Très vite Alex fut apprécié a la fois par la DCN et par la Marine. Il avait en outre l’art de nouer des relations pérennes. Sa carrière fut rapide et brillante. Il se trouve que pendant 6 ans nous fûmes très proches professionnellement. Plus qu’un collaborateur, mot que je déteste, il fut pratiquement un alter ego qui a su dégager pour moi le temps nécessaire à la conduite des affaires. Dévoué, fidèle et efficace il a su s’imposer en douceur à la hiérarchie. Il est arrivé au sommet en devenant responsable du plus grand programme de la défense (70 milliards de francs) : la construction des SNLE du type Triomphant.

Et le pouilleux de Ruelle finit avec 3 étoiles, d’énormes responsabilités et officier de la Légion d’Honneur. Mais Alex ne pouvait s’empêcher de travailler. Il avait commencé à 15 ans, il continua jusqu’à 70 ans. France Soir d’ailleurs consacra un article à sa carrière hors norme.

Alex dans la vie courante avait les mêmes qualités : compétence, dévouement et volonté. Il était un touche-à-tout de génie, sa curiosité était insatiable. Deux exemples : Claudette sa chérie ayant été hospitalisée assez longuement, Alex se mit a faire la cuisine pour lui d’abord puis pour la famille et les amis. En moins d’un mois il m’a régalé d’un navarin qui était devenu pour nos déjeuners mon plat préféré. Je l’avais initié en quelque sorte au cyclisme, plutôt au cyclotourisme. Dans les années 80 nous sortions a vélo les week-end. Au début des années 2000 j’ai abandonné cette activité, Alex, lui, a continué et, soignant de mieux en mieux son matériel, il a fini par grimper les cols pyrénéens (les Pyrénées étaient sa passion) et in fine… le Ventoux !

Alex a été frappé en 2018 par la maladie de Charcot, terrible maladie de la dégénérescence qui peu à peu le privait de ses facultés physiques. Mais son esprit vif et curieux était toujours présent. Il s’était fabriqué une prothèse pour taper ses messages ou ses mails.
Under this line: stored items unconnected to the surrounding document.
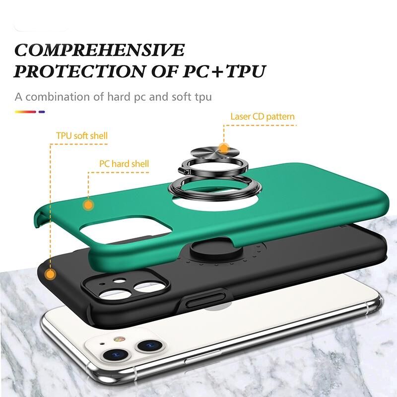 Θήκη κινητού τηλεφώνου με μαγνητικό δακτύλιο και στήριξη για iPhone 11, ανθεκτική στις κρούσεις (Μαύρο)
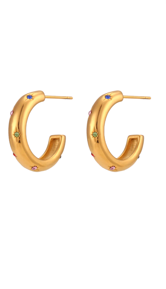 Sophie's star hoops are medium sized gold hoop earrings accented with brightly coloured gemstones and star engraving. These earrings are waterproof, hypoallergenic, and perfect for everyday wear.
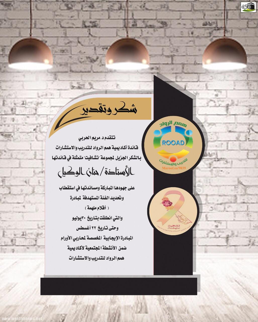 على جهودها المباركة ومساندتها في استقطاب وتحديد الفئة المستهدفة لمبادرة أقلام ملهمة والتي انطلقت بتاريخ 30يوليو 2017
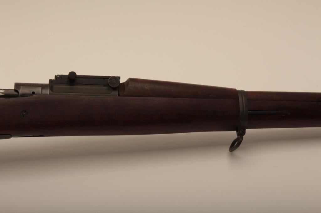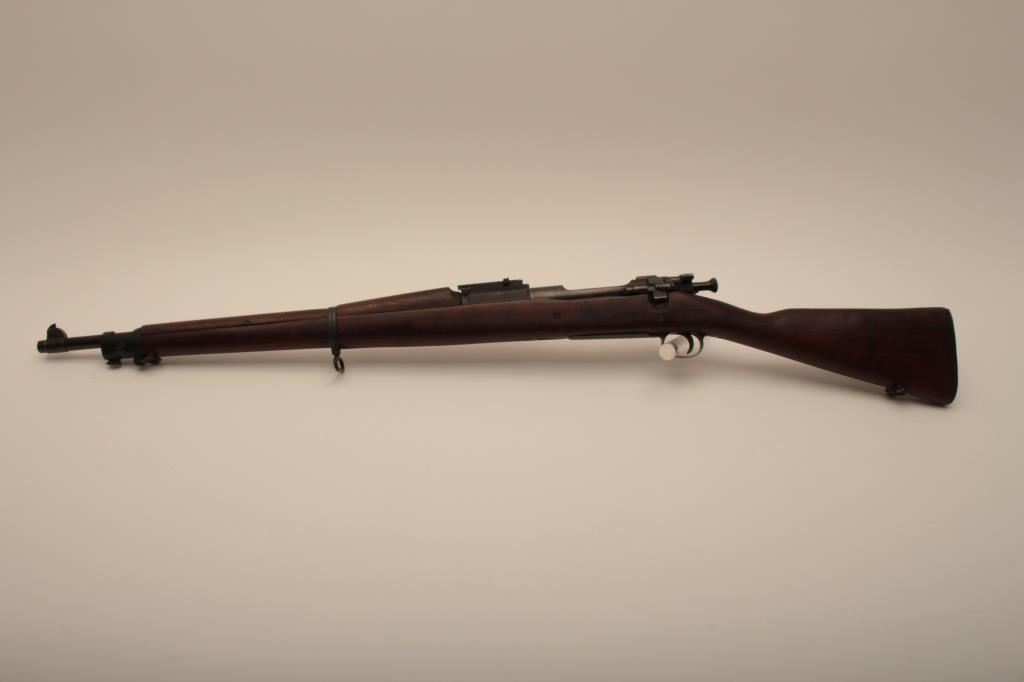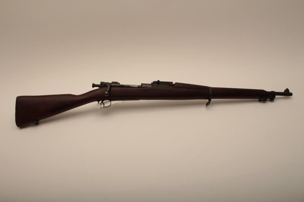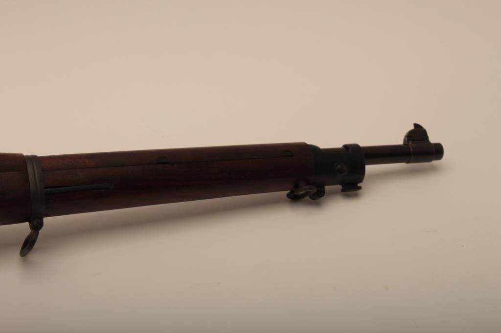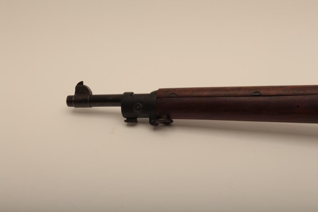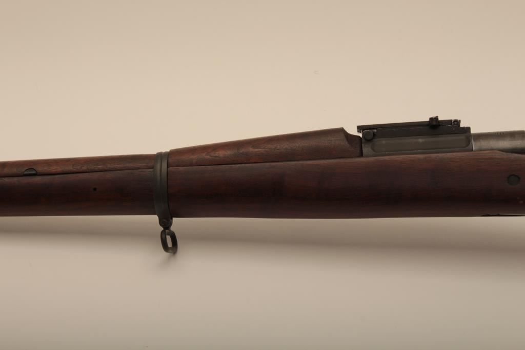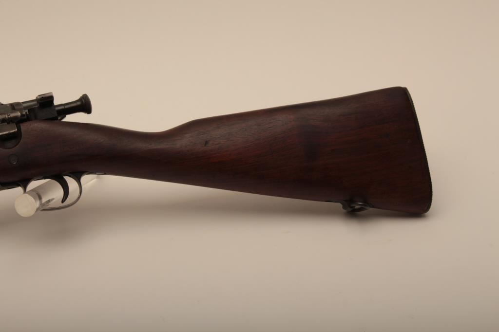 US Springfield Armory Model 1903 A1 bolt action rifle, .30 caliber, Serial #1477947. The rifle is in very good overall condition with a 24” barrel with a ramped blade front and military tangent style rear sights. The barrel retains a significant amount of its military finish and is marked, “SA” with the flaming bomb emblem and dated 3-39. The receiver has gone to a uniform grey with sharp markings. The smooth wood stock is in good condition with handling marks. There are two cartouches, a Circle P behind the trigger guard and “FJA” under the tang on the left side of the butt stock. The bore is good, the action is crisp and markings are sharp. Est.: $400-$800. (C+R).
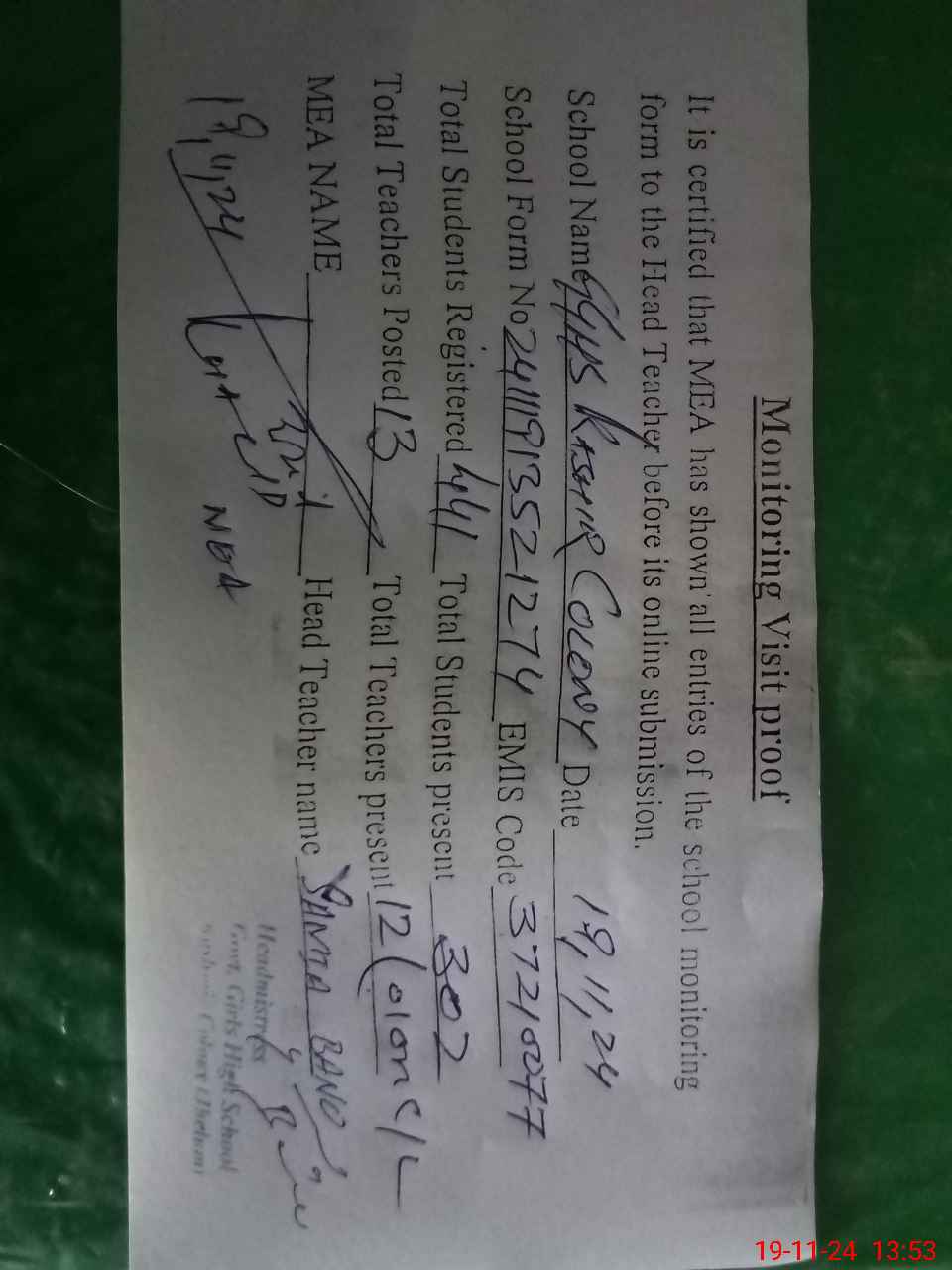| Attendance Register | Head Teacher | MEA with School | Visit Proof |
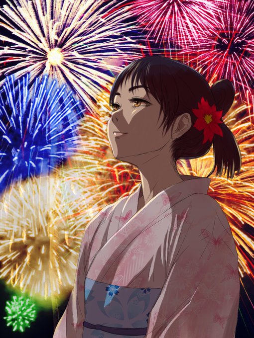 今日は #花火の日 ということなので、描いたことのない花火絵に挑戦したけど花火を描いたのはアイビスさんだ!! 女の子はフリクリのニナモリ。中学生になって再び髪を伸ばした設定。ナオタを誘っておきながら花火ばかり見ている、そんなニナモリ。 #お絵描き好きな人と繋がりたい
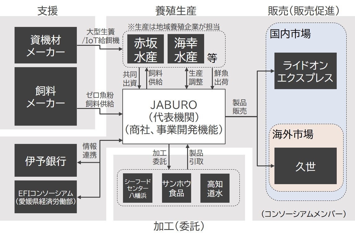 本事業は、愛媛県西予市三瓶地区の真鯛養殖企業3社が出資したJABUROが主体となり、魚粉を一切使用せず植物性タンパク質を原料とした餌で育成した完全養殖真鯛”サステナブル真鯛”の生産・販売を通じて、販路拡大や地域ブランド化、雇用創出等のシナジー効果を発揮し、真鯛養殖の成長産業化を共創する取組みを行うものです。
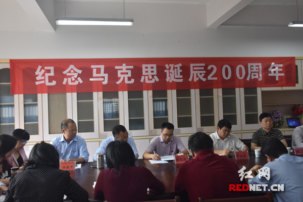 红网时刻益阳5月5日讯(记者单仕平)5月5日上午,由马克思主义学院党总支主办的马克思诞辰200周年座谈会在JN江南·(中国)体育官方网站土木楼举行,马克思主义学院党总支书记肖爱民主持座谈会,JN江南·(中国)体育官方网站党委书记罗成翼出席座谈会并讲话。马克思主义学院教工第一、二支部全体成员,特邀马克思主义学院党外人士参加会议。
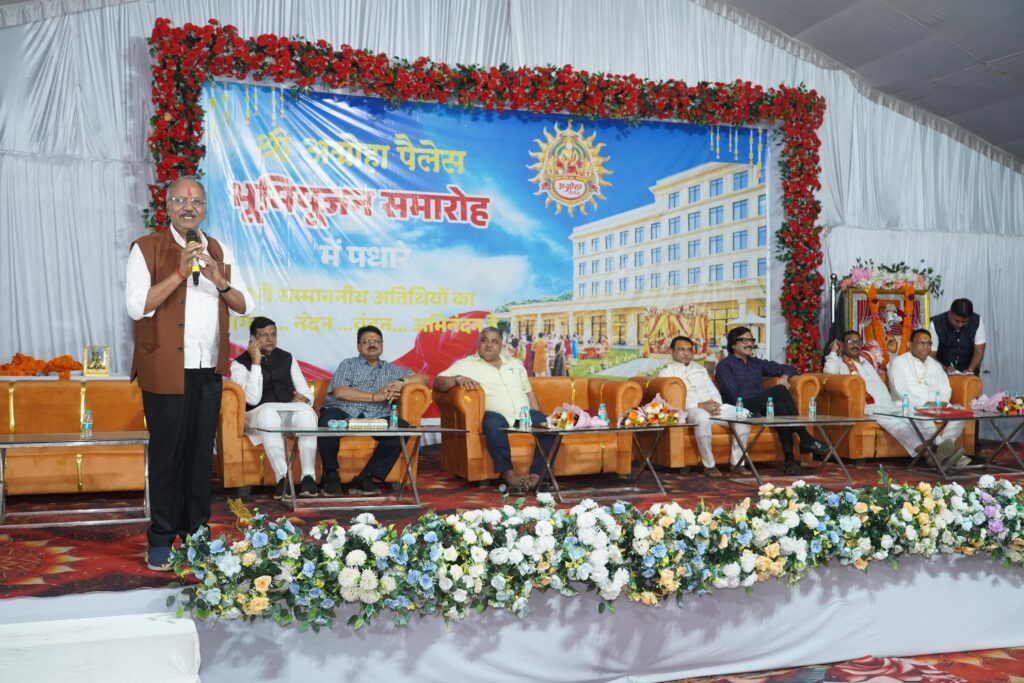 नई पीढ़ी को संस्कारों से जोड़ने की जरूरत — अग्रोहा पैलेस भूमिपूजन पर सांसद बृजमोहन अग्रवाल बोले
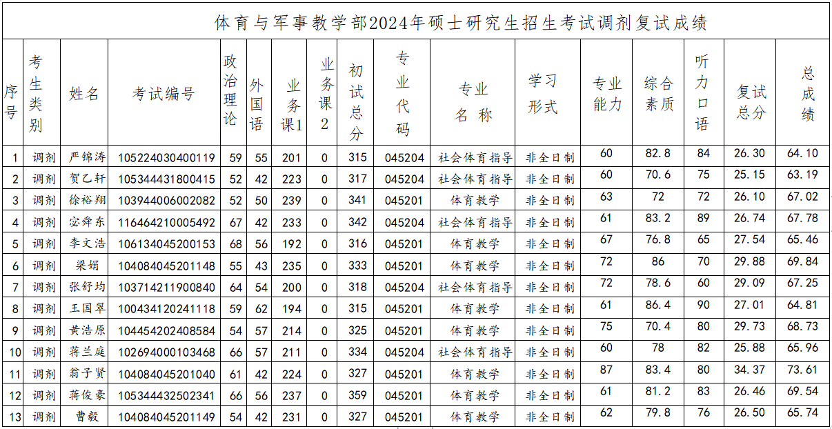 体育与军事教学部2024年硕士研究生招生考试调剂复试成绩公告
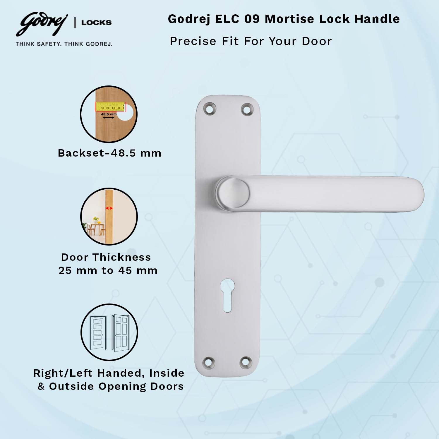 Godrej Mortise Door Lock | Handle Set | ELC 09 | 6-Lever Locking Mechanism | Reversible Latch | for Home & Office | for Wooden Doors | Satinless Finish | 5 Year Warranty

Il envoyait souvent des pièces jointes sur des sujets comme le salaire des footeux ou encore les pièces de Shakespeare à la mode Covid… Un jour, j’ai envoyé la photo du magnolia en fleur appelant à l’espoir. Il a été le premier à me répondre ; « c’est beau » écrivait-il et le lendemain il est mort... Alex était extrêmement engagé et fier de son appartenance au corps du GM. Il reste pour tous ceux qui l’ont croisé un exemple inspirant, et pour moi le regret de ne plus pouvoir l’entendre. Adieu l’ami.

1 : L’ex Foch a été coulé par la marine brésilienne le 3 février 2023. Alex en aurait été ému.